Coins, chemicals and more: doctors urge vigilance amid rise in accidental ingestions among kids during summer vacations
In India, poisoning rates are among the highest in the world. Childhood poisoning range from 0.33–7.6%, most commonly observed among children in the age group of 1–5 years.
According to the World Health Organization (WHO), unintentional poisoning is a significant global public health problem. WHO estimates that unintentional poisoning accounts for a significant portion of emergency hospital visits in many countries.
Solid and liquid ingestions
Dhanasekhar Kesavelu, consultant paediatrician and paediatric gastroenterologist, Apollo Children's Hospitals, Chennai, classifies ingestions into solids and liquids. Solid objects include Lego pieces, pins, coins, plastic parts, locks, and keys-- typically swallowed out of curiosity. If such items reach the stomach and are smooth, they may pass naturally. But if they get stuck in the oesophagus, the child may experience dysphagia or difficulty swallowing, sometimes clutching their chest.
'Some items need urgent removal, especially button batteries, which can burn through tissue rapidly due to electric discharge. Coins stuck in the oesophagus also require removal if they cause symptoms,' says Dr. Kesavelu , citing the 2023 ESPGHAN guidelines (European Society for Paediatric Gastroenterology Hepatology and Nutrition), which outline detailed protocols for ingestion emergencies.
Dr. Kesavelu points out that liquid ingestions are often more dangerous than solids, especially when they involve corrosive substances like acids, alkalis, or battery fluids. 'These liquids can cause severe internal burns in the food pipe or, in some cases, even the respiratory tract if aspirated,' he explains. One crucial rule, he stresses, is never to induce vomiting if a child has ingested something corrosive. 'Vomiting brings the chemical back up through the oesophagus, essentially doubling the damage.'
The summer spike and curious age
Summer holidays bring with them a notable rise in paediatric emergencies, particularly accidental ingestion cases.
Swati Bhayana, consultant, paediatric hematology and oncology, Fortis Healthcare, Gurgaon, observes that such incidents increase significantly during these months. With children, especially toddlers and those under seven, spending more time at home, their natural curiosity leads them to explore their surroundings freely. 'They are still learning what's safe and unsafe,' she explains, adding that the combination of boredom, heat-induced dehydration, and a lack of close supervision often results in children picking up small objects or sipping from containers without understanding the risks.
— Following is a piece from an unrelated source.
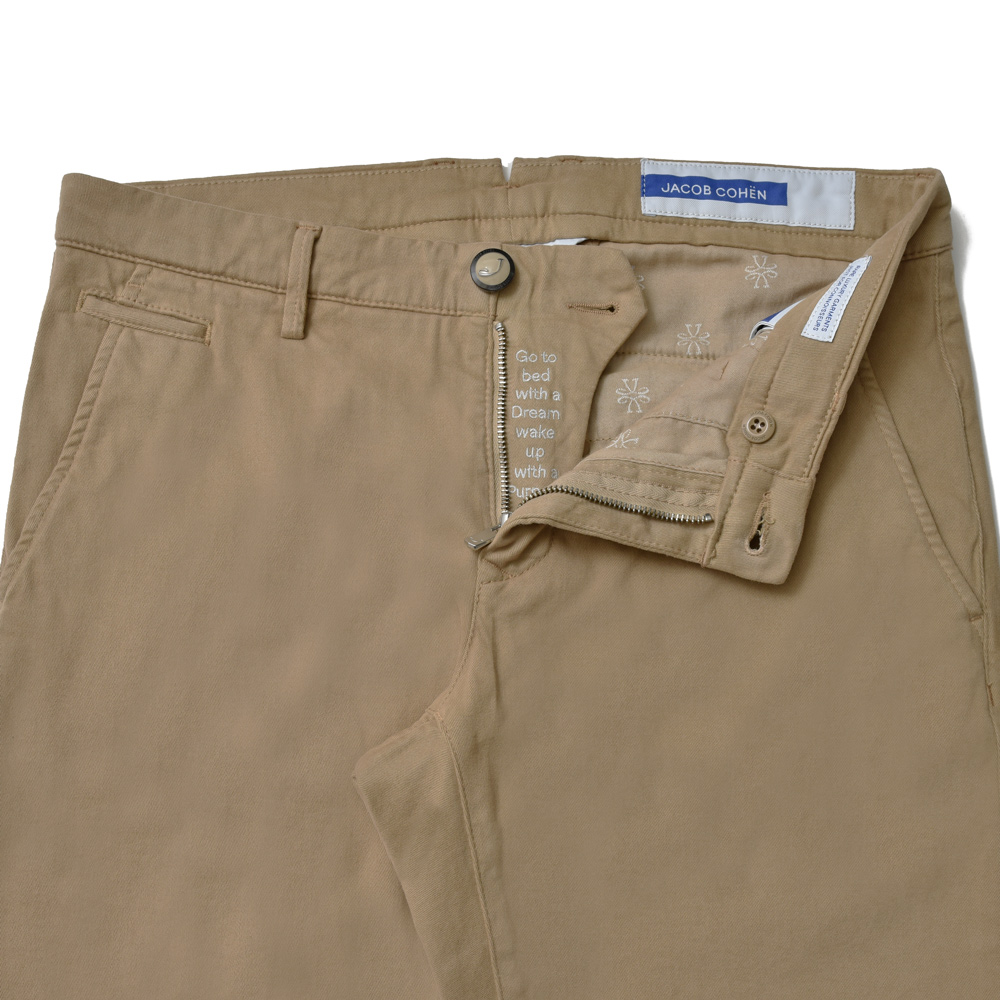JACOB COHEN(ヤコブコーエン)のBOBBY、シルエットはスリムテーパードでジップフライ、ポケットはスラントでシャープな印象の一本。ジャケットスタイルとも相性の良い上品さがポイントとなります。

Dr. Bhayana emphasises that most of these cases aren't due to any underlying illness but rather stem from situational factors. She often sees children ingest substances like mosquito repellents or toilet cleaners that have been left within easy reach. 'Children don't know the difference between a bottle of water and a bottle filled with Harpic or All Out when they're stored in familiar-looking containers,' she says. With both parents working and supervision often left to older grandparents, the chances of such accidents increase.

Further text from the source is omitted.